Шляпников кивнул, пожал протянутые ему руки и ушел. А Турецкий подумал, что у Дениса ведь нет никакой тетки. У него есть только дядька – генерал-майор МВД... Турецкий выпил стакан минеральный воды и сказал Реддвею:
– А теперь, Пит, выкладывай, зачем ты в Москве.
– Затем, чтобы рассказать тебе историю. В Ньюб-рафтоне погибла девяностодевятилетняя женщина.
– Именно погибла, не умерла? – уточнил Турецкий.
– Именно. Она переходила дорогу, и ее сбил грузовик.
– Прискорбно, – сказал Турецкий. – И поэтому ты в Москве?
– Интересно! – возразил Реддвей. – Смотри сам. На следующий день ей должно было исполниться сто лет. Она ехала в инвалидной коляске. Ее катила дочь. Они обе направлялись на вечеринку в честь грядущего юбилея. И ее сбил грузовик. Ну? Каково?
– Ты будто гордишься этим грузовиком, – заметил Турецкий.
– Не горжусь. Я хочу задать тебе вопрос. Что вез грузовик?
– Питер, ты в своем уме? Откуда я могу это знать? Так почему ты в Москве?
– Алекс, вслушайся в мои слова. Девяносто девять лет. Инвалидная коляска. Вечеринка по случаю столетия. Дорога. Грузовик...
– Черт тебя возьми, в самом деле! – рассердился Турецкий. – У меня знаешь сколько дел?! А ты... Послать бы тебя подальше! Что было в грузовике?! Ну пусть это будет ее именинный пирог! Доволен?!
Реддвей медленно встал из-за стола. Стул под ним со скрипом отъехал назад. Реддвей смотрел на Турецкого, и на его лице была сложная гамма чувств: обескураженность, недоумение, возмущение и даже злость.

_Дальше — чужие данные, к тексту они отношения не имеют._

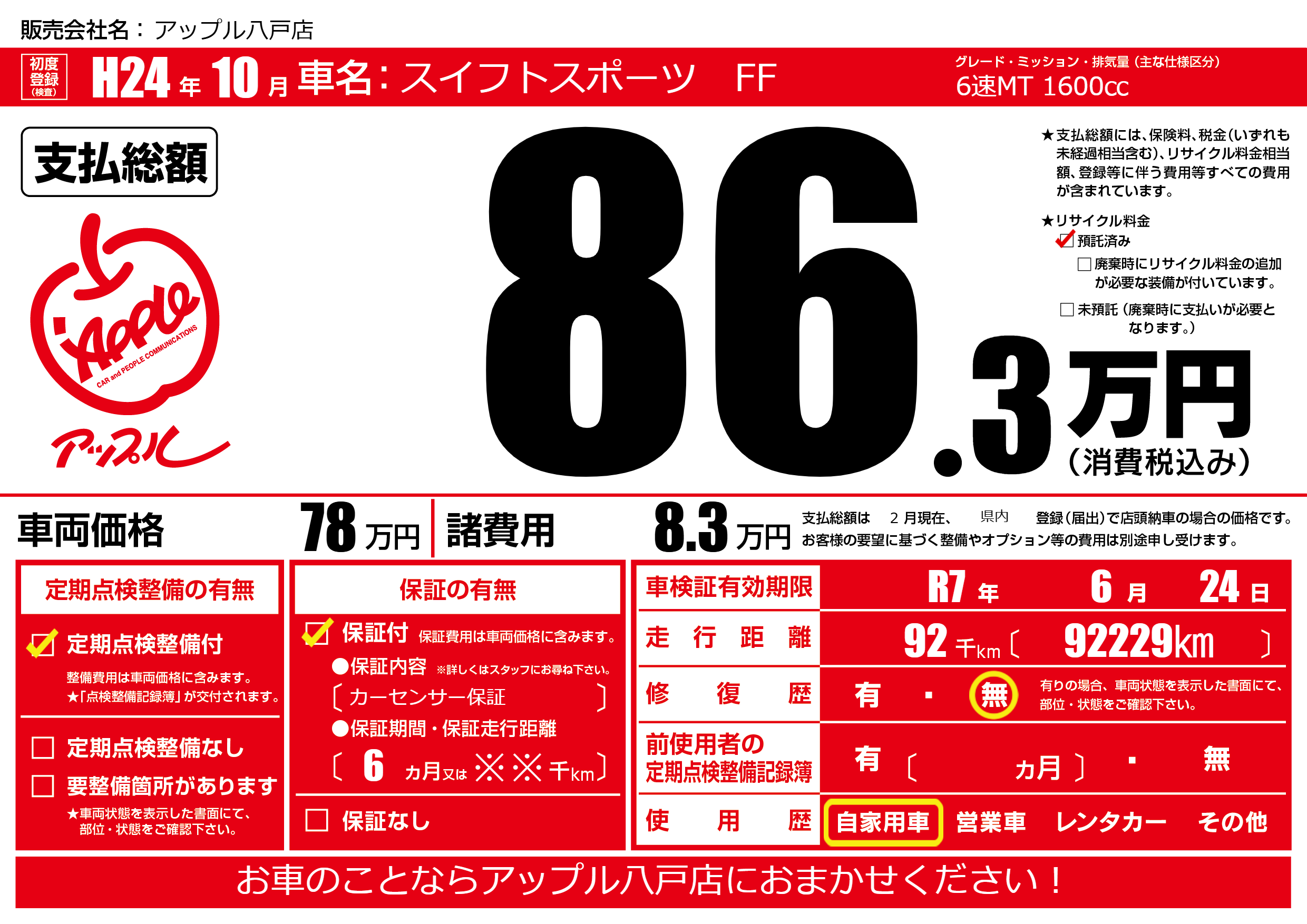 | 車名 | スイフトスポーツ FF | グレード ミッション 排気量 |
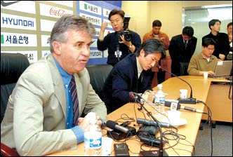 Guus Hiddink attends a press conference, held one year after taking up the post of head coach for the national soccer team, at the Korean Football Association building Monday.
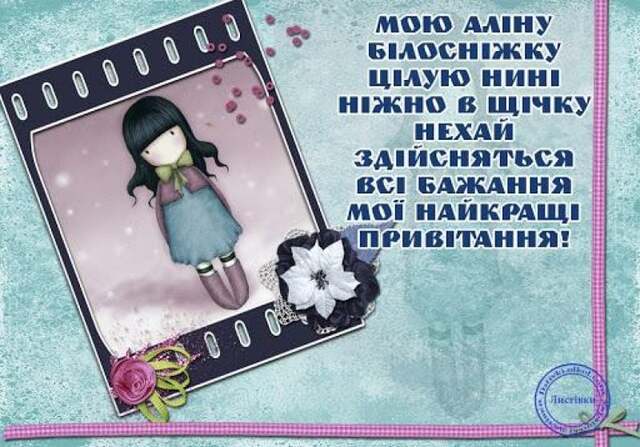Вітаю, дорога Аліно! Нехай очі іскряться від щастя. Нехай серце ловить натхнення від любові. Нехай життя грає яскравими фарбами. Нехай доля радує вдалими днями. Бажаю тобі, Алінко, здоров'я, енергії, краси, гармонії, любові, успішного саморозвитку і самодостатності.
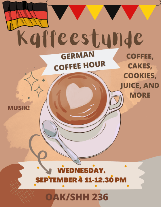 The German Studies Kaffeestunde is back! Join us for a monthly get-together, listen to music, practice some German, meet new people and enjoy Kaffee, Kekse und Kuchen!
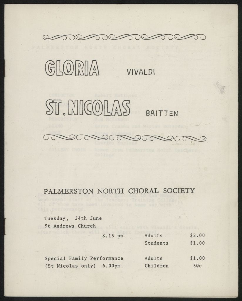 A concert programme from a performance by the Palmerston North Choral Society
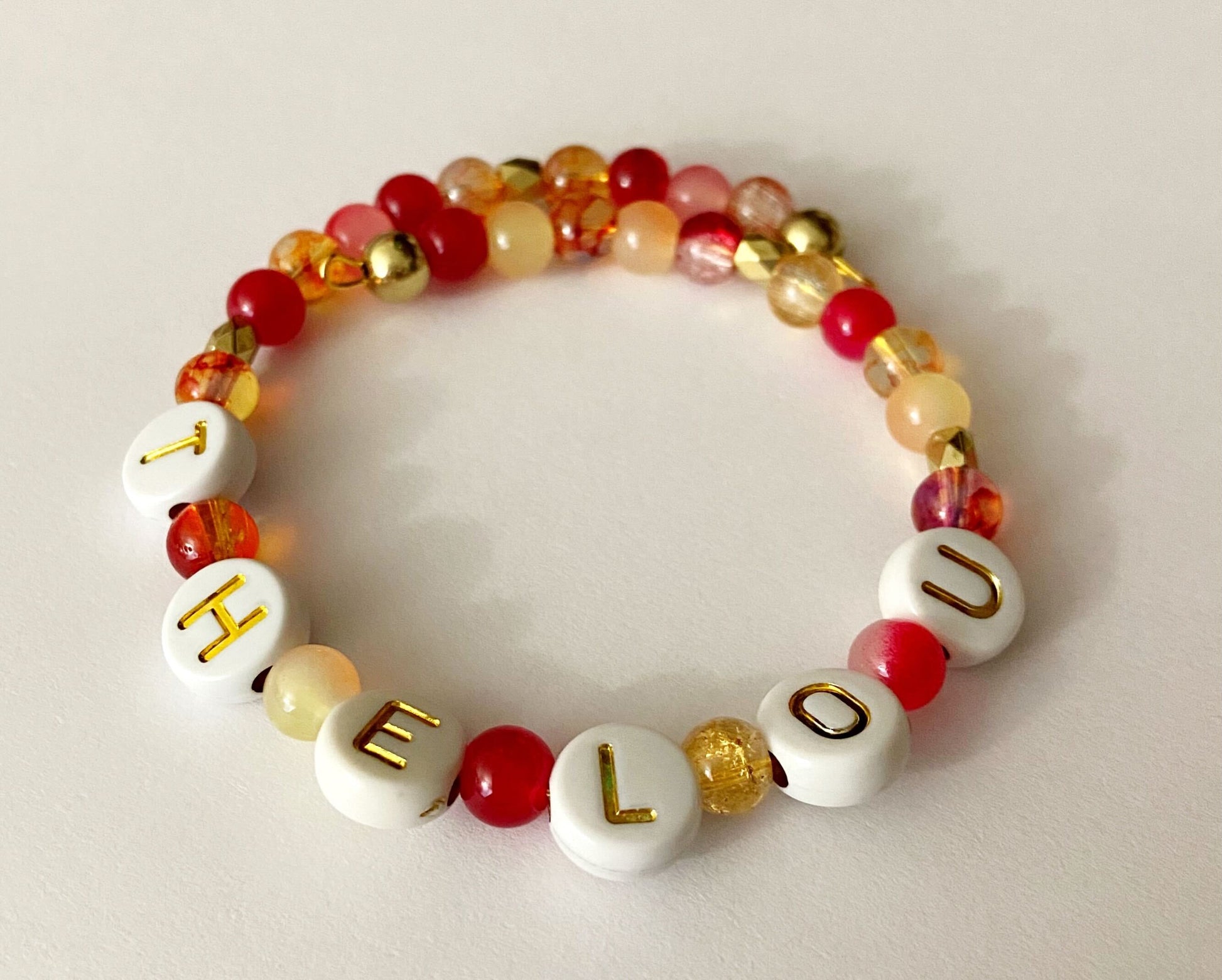 Handmade beaded bracelets on a one-size-fits-all wire base.
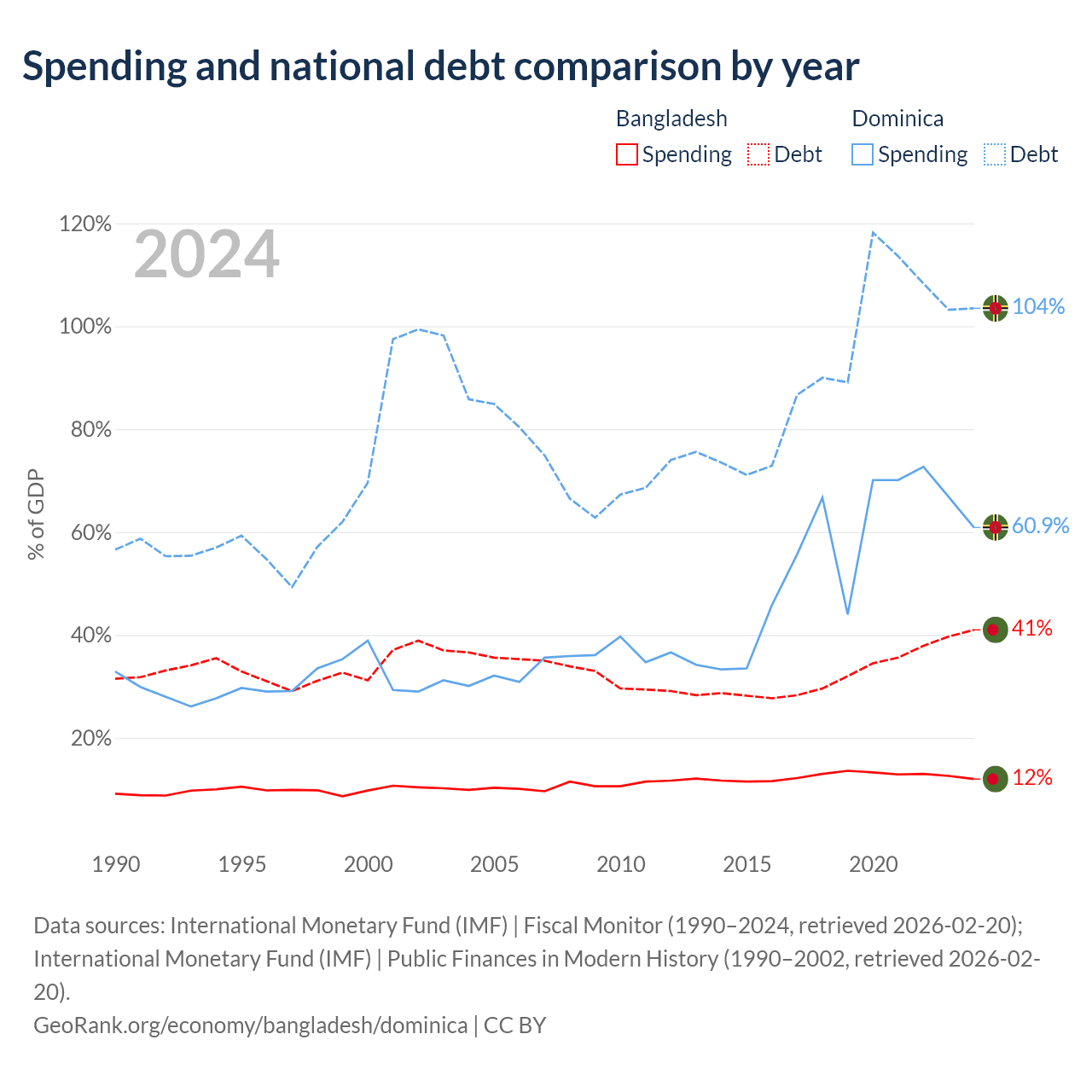 Bangladesh has $184B in government debt (41% of GDP), compared to $713M (103.5% of GDP) in Dominica.
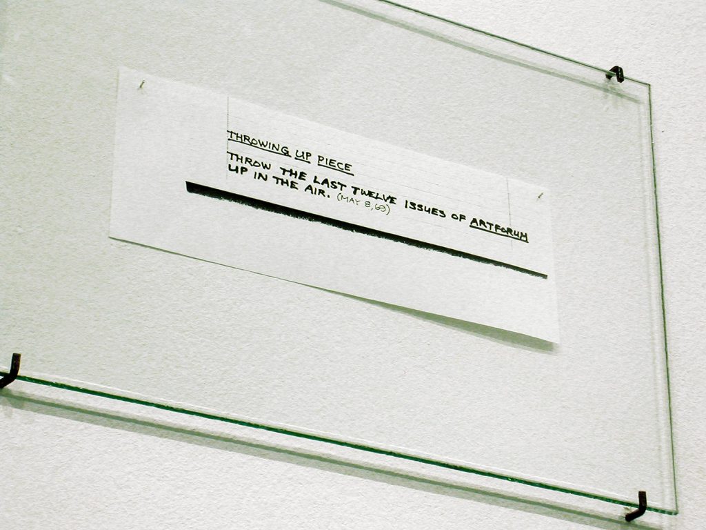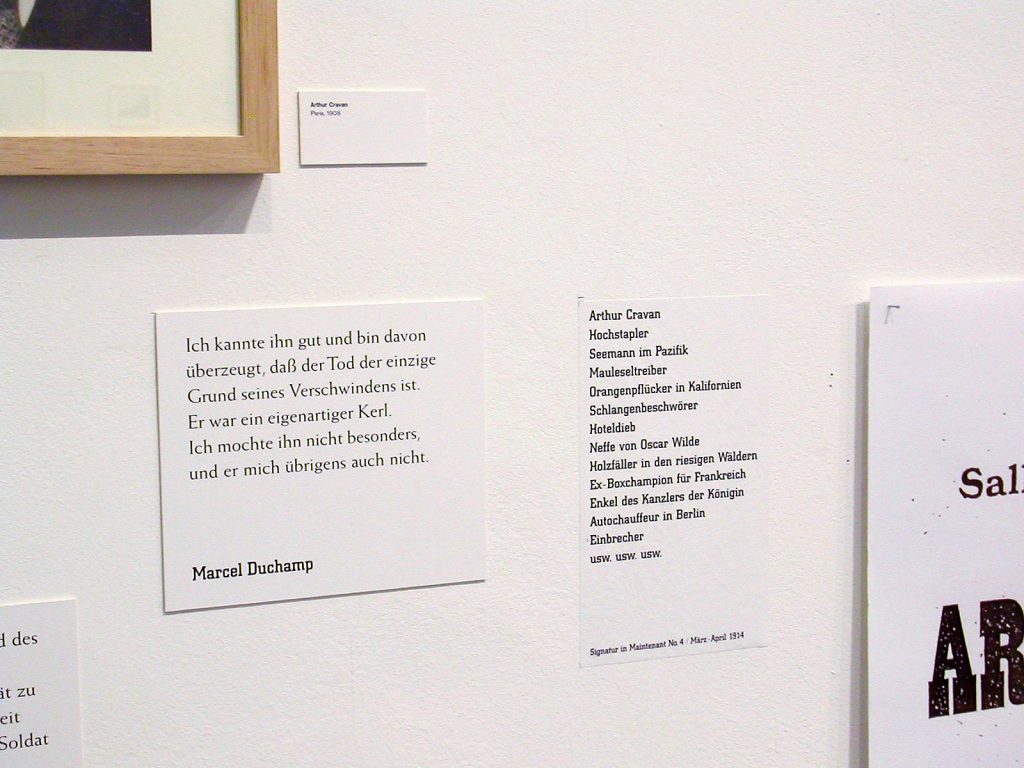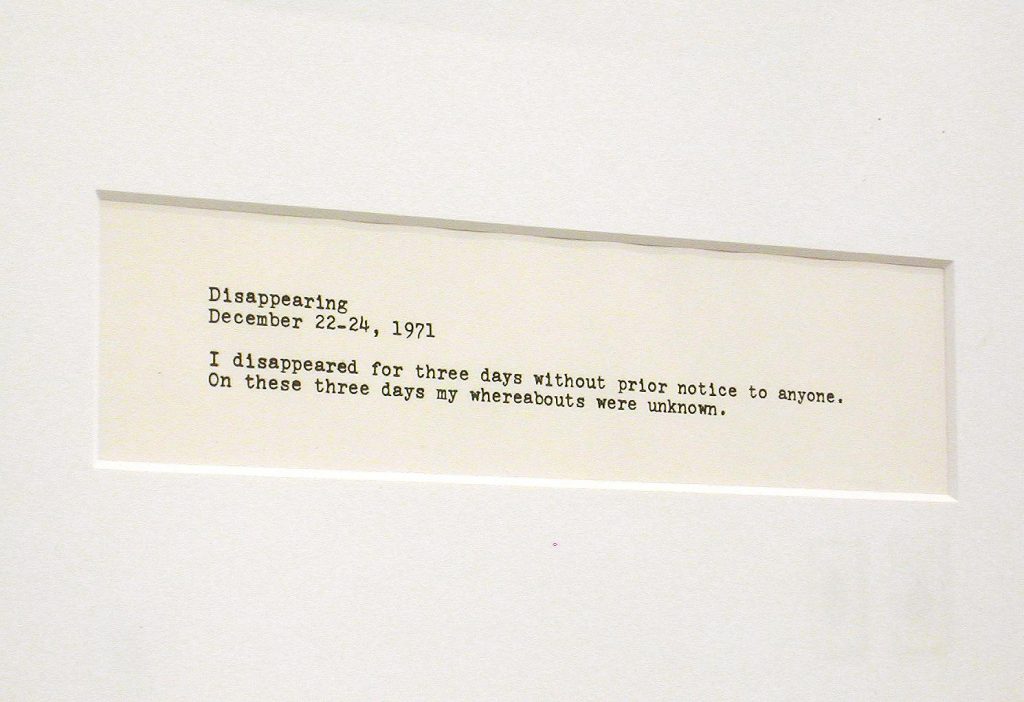 I am grateful for this revival of the original 2002 exhibition because it was an important project to me for reasons both private and methodological. Gestures of Disappearance was a curatorial narrative that operated largely without original works of art. I needed works on loan only for Chris Burden and a few pieces by Ader; much of the rest were photocopies and texts that were presented in typographic designs by the Leipzig-based graphic artist Till Gathmann. I obtained copies of Lee Lozano’s language pieces and notes from the archive maintained by her estate in New York and presented them as they were. In Barcelona I met Isaki Lacuesta, who was working on a documentary film about Arthur Cravan and had compiled valuable material. He gave me a shoebox full of photocopies that I used as sources for reproductions. We then arranged for a pre-premiere of Lacuesta’s film in conjunction with the exhibition in Leipzig. I received permission from Bas Jan Ader’s estate to make my own reproductions of several works and documents, and the exchange of letters with the estate and his widow, Mary Sue Ader, led to the discovery of film footage about Ader’s last project that had never been shown in public.
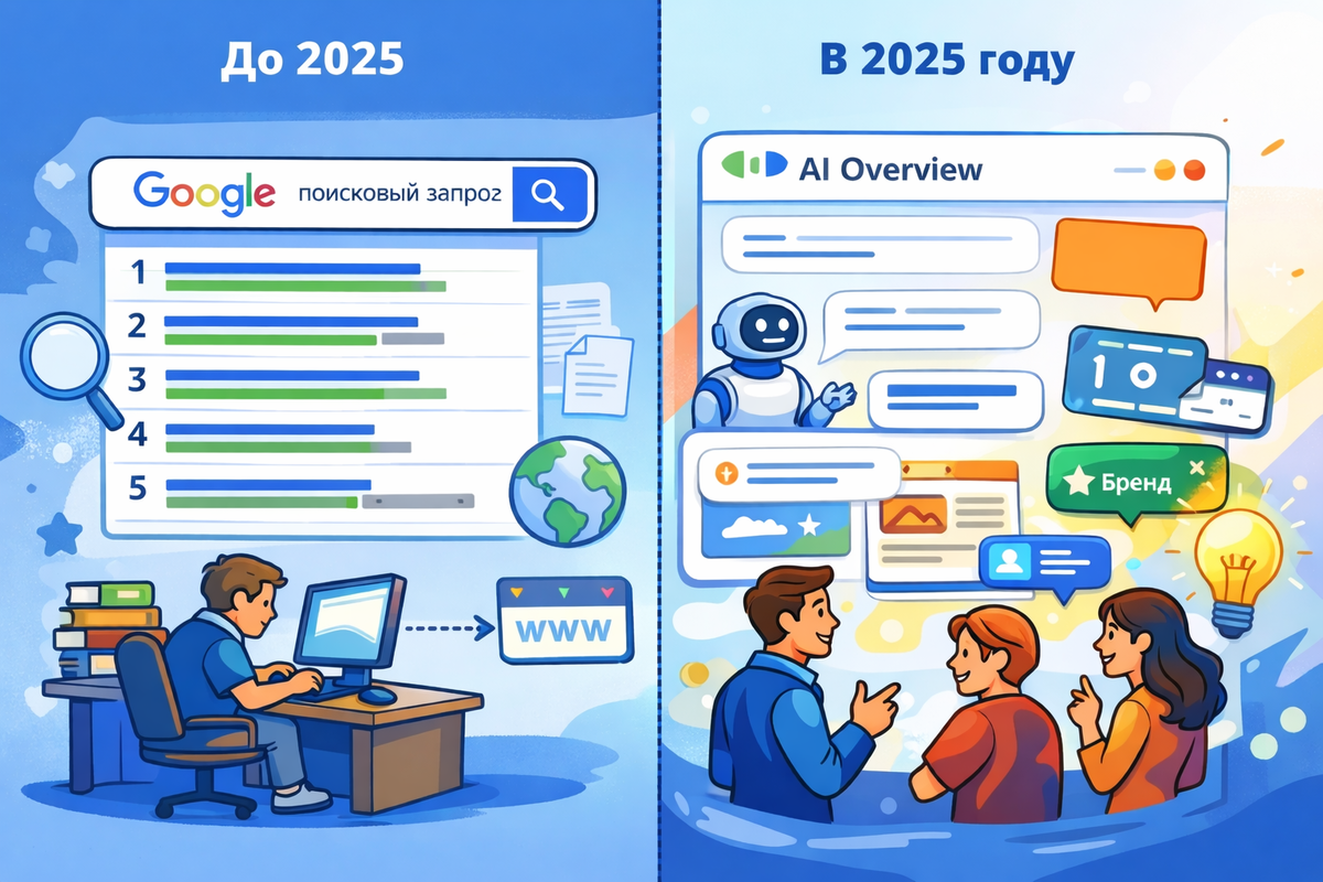 В 2025 году всё чаще результатом выдачи по запросу пользователя становился готовый ответ. Юзер получал структурированную информацию, пояснения, сравнения и визуальные элементы прямо в интерфейсе поиска, а переход на сайты становился дополнительным шагом, а не обязательной частью сценария.

– Алекс... ты... ты... Ты откуда это узнал?! Мне же только сегодня сводку прислали. У тебя свой человек в моей системе?!
– Питер, ты рехнулся? Да сядь, конспиратор хренов. Нет у меня никого! Ты спросил, я и ляпнул то, что абсурдней всего. Неужели не ясно?
– Абсурдней всего? – задумчиво повторил Ред-двей. – Я вот думаю: а что, если тебе стать донором мозга? Моего?
– Питер, я, ей-богу, рад тебя видеть, но если это все?... – Турецкий постучал по циферблату часов.
– Я приехал посоветоваться, – сознался Ред-двей. – Заодно и на тебя посмотреть.
– Последнее приятно. Да и первое неплохо. С кем советовался-то?
– С солидными людьми.
– Ну-у, – Турецкий делано заскучал. Подобный ответ Реддвея означал конечно же
ФСБ. Организацию, с которой Турецкому по роду его деятельности многократно приходилось иметь дело еще и в те времена, когда она называлась иначе и которую он откровенно недолюбливал. Хотя и отдавал должное отдельным людям, там работавшим. И потому сейчас он отреагировал несколько ревниво. Но сделал это по-своему.